The Challenge of Comprehensive Linked Data

Following the plenary panel, I’ve made it to a Digital Humanities Australasia 2012 panel on linked data, which opens with Toby Burrows. He begins by outlining the shape of what we now call e-Research: it ranges from supercomputing, large data visualisations, and other major, expensive projects mainly in the ‘hard’ sciences through to work being done in the humanities (notably excluding mere digitisation initiatives).

In the humanities, why do we bother? We could simply remain within our own niche areas, or leave the computational work to someone else; humanities work also adds to the problem by introducing further, major collections of cultural and communicative data. But the digital deluge is here, and cannot be ignored; further, mere computational methods are not enough, but crucially need better input from humanities scholarship, and this must also be translated into better recognition and funding for humanities research.

There are plenty of data-centric approaches at this point – aiming to find patterns in the data, for example by combining data fusion, data mining, and machine learning tools; there are virtual laboratories like NeCTAR which aim to streamline research workflows; and there is the Australian National Data Service, which aims to preserve relevant data (but has difficulties distinguishing data from primary materials in the humanities).

Much pre-digital humanities research also generated vast data resources, of course – and these were often ill-defined and poorly organised; but researchers already annotated, excerpted, cited, categorised, stored, copied, shared, and eventually digitised, and these personal practices (for example in historical research) translate relatively straightforwardly to digital practices.

In addition to such personal collections, large industrialised and institutional collections also pre-exist the digital turn – but these (even where they have moved online) still provide little functionality beyond mere search.
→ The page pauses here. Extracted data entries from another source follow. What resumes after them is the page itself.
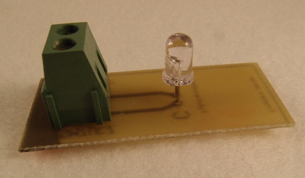 Placera lysdioden i "luften" Isolera vissa ben med den avskalade isoleringen från kopplingstråden.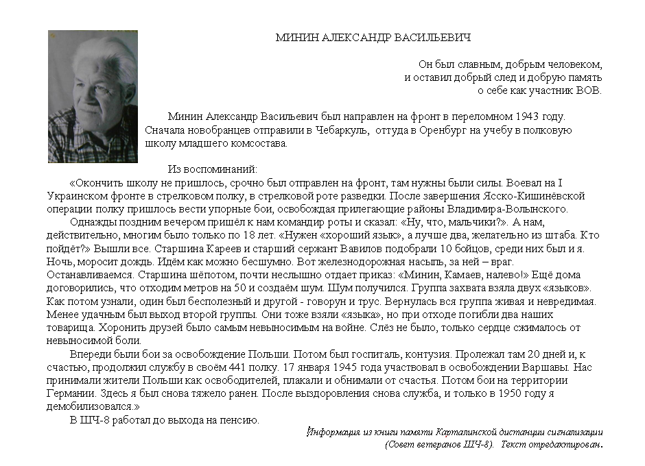 Мой дедушка МИНИН АЛЕКСАНДР ВАСИЛЬЕВИЧ родился 25 декабря 1926 года (но в свидетельстве о рождении записали дату рождения - 2 января 1926 года, т.е. по документам практически добавили 1 год жизни) в посёлке Черниговский Агаповского района Челябинской области, умер 26 ноября 1995 года в г. Карталы Челябинской области.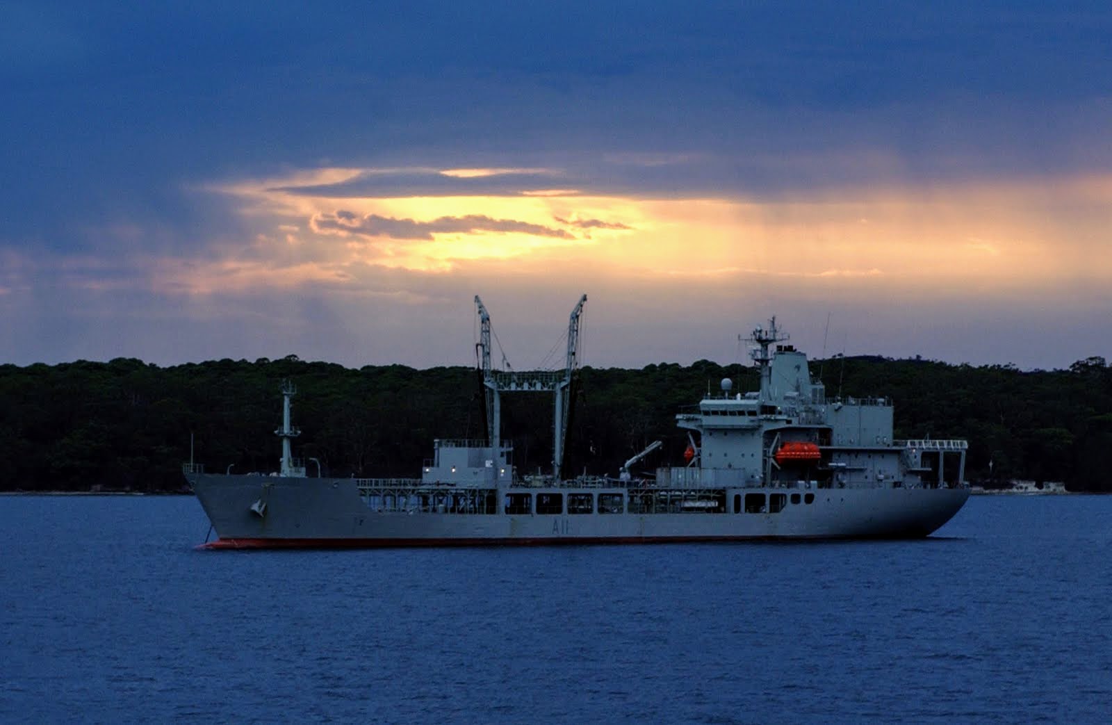 | HMNZS Endeavour at anchor in Jervis Bay, New South Wales, during Exercise Ocean Protector. |

Some moves towards user annotation and informational crowdsourcing are now beginning to happen, but still have very far to go. And we need further interlinked, large-scale research infrastructure which connects these individual repositories.

This is where linked data comes in – there’s a need for URIs for each entity, and linkage data connecting those entities; on the open Web, billions of such entities and linkages already exist, and similar linked data descriptors need to be deployed for the entities in our data repositories. This is even more difficult than it sounds already, since there may be different terminologies which can be applied to those repositories (and in doing so change the nature of entities and their links), and since the facilities for browsing and searching this ocean of linked data must also be developed and made available.

Multiple naming schemes for describing entities and relationships are necessary, therefore; there is no single authoritative vocabulary. This is necessarily also a permanent work-in-progress; it will never be complete, and there is no final structure to work towards. Categories of data are themselves entities, and hierarchical categorisation has only limited use; relationships between entities are crucial, and the network graph is the main structure underlying all of this. The overall focus is on organising knowledge and meaning (whatever those terms actually mean), not on organising collections and objects; and collaborative activities around such knowledge must be enabled.

Immediately, this raises the question of ‘whose meaning’; who gets to ascribe those meanings, and is there a potential for alternative, ‘citizen humanities’ interpretations here, or would that undermine scholarly and curatorial authority? Further, questions of scale need to be considered: this is an expanding universe, but zooming in and out of the total dataset much also be supported. And such zooming must also be allowed to happen along the temporal dimension – filtering the network graph for specific periods, which also raises questions of representing causal relationships in the graph.